### Aim of the task
Within the material below, locate the line with "A new solid" and the line with "Three studies reported", then return those two lines and all lines between them, exactly as written.

### Input data
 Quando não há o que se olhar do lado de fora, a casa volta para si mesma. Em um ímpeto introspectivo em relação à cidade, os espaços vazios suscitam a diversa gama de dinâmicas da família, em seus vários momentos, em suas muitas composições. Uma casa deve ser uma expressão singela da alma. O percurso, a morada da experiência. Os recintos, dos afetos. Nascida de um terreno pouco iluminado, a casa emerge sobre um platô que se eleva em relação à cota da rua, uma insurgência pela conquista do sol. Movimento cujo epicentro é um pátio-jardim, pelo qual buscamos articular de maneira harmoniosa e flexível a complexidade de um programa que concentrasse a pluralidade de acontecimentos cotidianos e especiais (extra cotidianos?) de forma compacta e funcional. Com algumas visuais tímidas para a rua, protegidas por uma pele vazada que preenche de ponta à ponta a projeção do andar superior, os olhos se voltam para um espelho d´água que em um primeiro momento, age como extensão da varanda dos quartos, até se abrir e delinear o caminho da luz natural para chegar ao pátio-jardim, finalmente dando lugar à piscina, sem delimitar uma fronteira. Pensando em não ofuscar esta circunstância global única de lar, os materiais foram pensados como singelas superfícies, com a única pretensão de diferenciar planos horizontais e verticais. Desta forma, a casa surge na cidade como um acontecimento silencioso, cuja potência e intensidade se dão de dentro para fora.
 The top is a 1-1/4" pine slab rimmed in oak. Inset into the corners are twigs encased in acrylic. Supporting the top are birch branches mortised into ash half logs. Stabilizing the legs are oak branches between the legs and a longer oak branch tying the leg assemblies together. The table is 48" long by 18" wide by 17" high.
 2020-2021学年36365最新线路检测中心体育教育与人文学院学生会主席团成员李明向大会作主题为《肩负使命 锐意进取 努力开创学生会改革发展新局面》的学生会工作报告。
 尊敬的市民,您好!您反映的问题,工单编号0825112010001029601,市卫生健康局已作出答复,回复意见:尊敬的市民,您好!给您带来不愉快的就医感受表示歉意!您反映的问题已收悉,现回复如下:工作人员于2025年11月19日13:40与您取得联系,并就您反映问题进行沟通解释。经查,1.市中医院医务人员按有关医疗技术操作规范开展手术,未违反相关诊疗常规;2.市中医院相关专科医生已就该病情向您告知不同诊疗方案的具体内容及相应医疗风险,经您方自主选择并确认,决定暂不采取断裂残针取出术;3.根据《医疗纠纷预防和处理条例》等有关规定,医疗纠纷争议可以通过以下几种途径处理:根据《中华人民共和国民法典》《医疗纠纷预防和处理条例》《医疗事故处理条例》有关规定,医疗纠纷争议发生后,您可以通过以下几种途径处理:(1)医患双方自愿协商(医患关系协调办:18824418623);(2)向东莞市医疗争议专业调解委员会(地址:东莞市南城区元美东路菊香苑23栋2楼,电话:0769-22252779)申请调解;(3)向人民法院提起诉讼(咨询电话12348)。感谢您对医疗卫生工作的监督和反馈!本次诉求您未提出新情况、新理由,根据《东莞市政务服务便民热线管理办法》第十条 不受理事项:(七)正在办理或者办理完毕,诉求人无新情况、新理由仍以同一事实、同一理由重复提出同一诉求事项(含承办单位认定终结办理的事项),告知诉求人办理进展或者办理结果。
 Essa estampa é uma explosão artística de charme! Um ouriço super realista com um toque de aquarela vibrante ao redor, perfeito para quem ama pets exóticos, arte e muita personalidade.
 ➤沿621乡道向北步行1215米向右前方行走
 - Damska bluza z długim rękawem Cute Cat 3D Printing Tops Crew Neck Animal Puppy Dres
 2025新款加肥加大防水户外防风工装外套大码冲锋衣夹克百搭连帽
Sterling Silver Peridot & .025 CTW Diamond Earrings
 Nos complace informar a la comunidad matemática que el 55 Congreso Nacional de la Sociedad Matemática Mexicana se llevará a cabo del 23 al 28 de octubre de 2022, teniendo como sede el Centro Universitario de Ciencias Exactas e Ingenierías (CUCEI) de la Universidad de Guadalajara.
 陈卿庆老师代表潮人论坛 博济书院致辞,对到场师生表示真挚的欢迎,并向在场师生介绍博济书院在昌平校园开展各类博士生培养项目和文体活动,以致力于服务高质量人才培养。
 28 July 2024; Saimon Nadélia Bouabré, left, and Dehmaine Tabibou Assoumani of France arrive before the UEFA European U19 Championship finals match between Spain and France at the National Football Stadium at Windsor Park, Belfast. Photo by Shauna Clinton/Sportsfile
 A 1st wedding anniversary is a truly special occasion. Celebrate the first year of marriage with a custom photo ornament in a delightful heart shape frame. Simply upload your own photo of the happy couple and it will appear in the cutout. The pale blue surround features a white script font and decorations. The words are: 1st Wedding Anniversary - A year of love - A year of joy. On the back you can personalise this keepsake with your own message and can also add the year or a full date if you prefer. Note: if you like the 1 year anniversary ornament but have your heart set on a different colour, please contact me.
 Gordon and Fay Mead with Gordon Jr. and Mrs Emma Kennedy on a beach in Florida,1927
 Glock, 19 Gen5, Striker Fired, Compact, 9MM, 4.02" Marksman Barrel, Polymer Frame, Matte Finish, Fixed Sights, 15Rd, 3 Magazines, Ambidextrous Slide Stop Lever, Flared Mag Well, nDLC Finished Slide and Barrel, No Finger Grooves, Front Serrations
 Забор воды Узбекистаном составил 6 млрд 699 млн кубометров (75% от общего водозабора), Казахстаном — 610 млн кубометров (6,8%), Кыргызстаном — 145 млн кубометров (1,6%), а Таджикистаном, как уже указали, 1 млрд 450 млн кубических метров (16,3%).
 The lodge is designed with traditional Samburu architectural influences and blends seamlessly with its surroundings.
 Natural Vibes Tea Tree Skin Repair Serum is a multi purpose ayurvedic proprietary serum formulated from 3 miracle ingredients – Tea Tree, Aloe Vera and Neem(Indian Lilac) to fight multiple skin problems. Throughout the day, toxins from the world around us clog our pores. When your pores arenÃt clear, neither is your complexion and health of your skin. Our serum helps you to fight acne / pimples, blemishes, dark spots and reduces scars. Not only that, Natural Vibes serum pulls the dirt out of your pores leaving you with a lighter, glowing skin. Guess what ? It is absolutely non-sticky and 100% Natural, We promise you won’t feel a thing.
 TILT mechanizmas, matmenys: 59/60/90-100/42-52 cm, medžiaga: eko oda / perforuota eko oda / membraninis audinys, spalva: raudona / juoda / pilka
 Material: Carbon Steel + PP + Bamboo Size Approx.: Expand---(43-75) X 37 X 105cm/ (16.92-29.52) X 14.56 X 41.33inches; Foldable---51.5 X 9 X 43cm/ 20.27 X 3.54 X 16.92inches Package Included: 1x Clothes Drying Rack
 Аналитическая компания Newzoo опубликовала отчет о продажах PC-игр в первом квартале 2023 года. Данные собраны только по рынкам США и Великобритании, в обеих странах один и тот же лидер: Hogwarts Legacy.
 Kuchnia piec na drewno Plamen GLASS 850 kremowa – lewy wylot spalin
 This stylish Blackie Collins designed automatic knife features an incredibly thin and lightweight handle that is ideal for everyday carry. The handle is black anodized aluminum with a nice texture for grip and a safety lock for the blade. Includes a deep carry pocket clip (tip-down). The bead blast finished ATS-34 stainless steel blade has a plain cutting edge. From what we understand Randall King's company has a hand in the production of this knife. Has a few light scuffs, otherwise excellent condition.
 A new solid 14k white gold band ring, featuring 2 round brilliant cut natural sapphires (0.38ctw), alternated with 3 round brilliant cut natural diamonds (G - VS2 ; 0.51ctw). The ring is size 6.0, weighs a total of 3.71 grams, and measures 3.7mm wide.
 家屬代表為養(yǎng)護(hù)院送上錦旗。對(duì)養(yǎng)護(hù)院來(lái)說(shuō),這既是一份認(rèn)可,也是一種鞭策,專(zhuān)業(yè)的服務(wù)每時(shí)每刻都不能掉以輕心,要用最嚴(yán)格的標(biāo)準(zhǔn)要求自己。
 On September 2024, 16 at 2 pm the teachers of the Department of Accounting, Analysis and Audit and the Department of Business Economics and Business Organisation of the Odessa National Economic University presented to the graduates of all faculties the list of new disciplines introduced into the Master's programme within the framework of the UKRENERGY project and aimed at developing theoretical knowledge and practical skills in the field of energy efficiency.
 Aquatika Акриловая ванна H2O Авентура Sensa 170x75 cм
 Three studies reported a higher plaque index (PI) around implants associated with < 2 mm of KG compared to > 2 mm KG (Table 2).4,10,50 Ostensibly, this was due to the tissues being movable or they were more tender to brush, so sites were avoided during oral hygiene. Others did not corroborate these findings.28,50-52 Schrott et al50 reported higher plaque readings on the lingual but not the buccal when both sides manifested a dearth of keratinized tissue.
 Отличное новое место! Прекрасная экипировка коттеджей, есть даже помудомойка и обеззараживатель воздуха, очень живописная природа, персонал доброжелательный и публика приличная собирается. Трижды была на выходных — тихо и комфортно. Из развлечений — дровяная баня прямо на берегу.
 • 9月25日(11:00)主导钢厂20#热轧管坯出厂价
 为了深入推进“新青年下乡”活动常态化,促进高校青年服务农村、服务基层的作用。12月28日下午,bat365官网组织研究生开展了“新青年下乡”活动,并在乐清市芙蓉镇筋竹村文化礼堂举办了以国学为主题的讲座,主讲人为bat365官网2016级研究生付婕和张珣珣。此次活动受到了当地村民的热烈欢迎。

### Response for this exercise
 A new solid 14k white gold band ring, featuring 2 round brilliant cut natural sapphires (0.38ctw), alternated with 3 round brilliant cut natural diamonds (G - VS2 ; 0.51ctw). The ring is size 6.0, weighs a total of 3.71 grams, and measures 3.7mm wide.
 家屬代表為養(yǎng)護(hù)院送上錦旗。對(duì)養(yǎng)護(hù)院來(lái)說(shuō),這既是一份認(rèn)可,也是一種鞭策,專(zhuān)業(yè)的服務(wù)每時(shí)每刻都不能掉以輕心,要用最嚴(yán)格的標(biāo)準(zhǔn)要求自己。
 On September 2024, 16 at 2 pm the teachers of the Department of Accounting, Analysis and Audit and the Department of Business Economics and Business Organisation of the Odessa National Economic University presented to the graduates of all faculties the list of new disciplines introduced into the Master's programme within the framework of the UKRENERGY project and aimed at developing theoretical knowledge and practical skills in the field of energy efficiency.
 Aquatika Акриловая ванна H2O Авентура Sensa 170x75 cм
 Three studies reported a higher plaque index (PI) around implants associated with < 2 mm of KG compared to > 2 mm KG (Table 2).4,10,50 Ostensibly, this was due to the tissues being movable or they were more tender to brush, so sites were avoided during oral hygiene. Others did not corroborate these findings.28,50-52 Schrott et al50 reported higher plaque readings on the lingual but not the buccal when both sides manifested a dearth of keratinized tissue.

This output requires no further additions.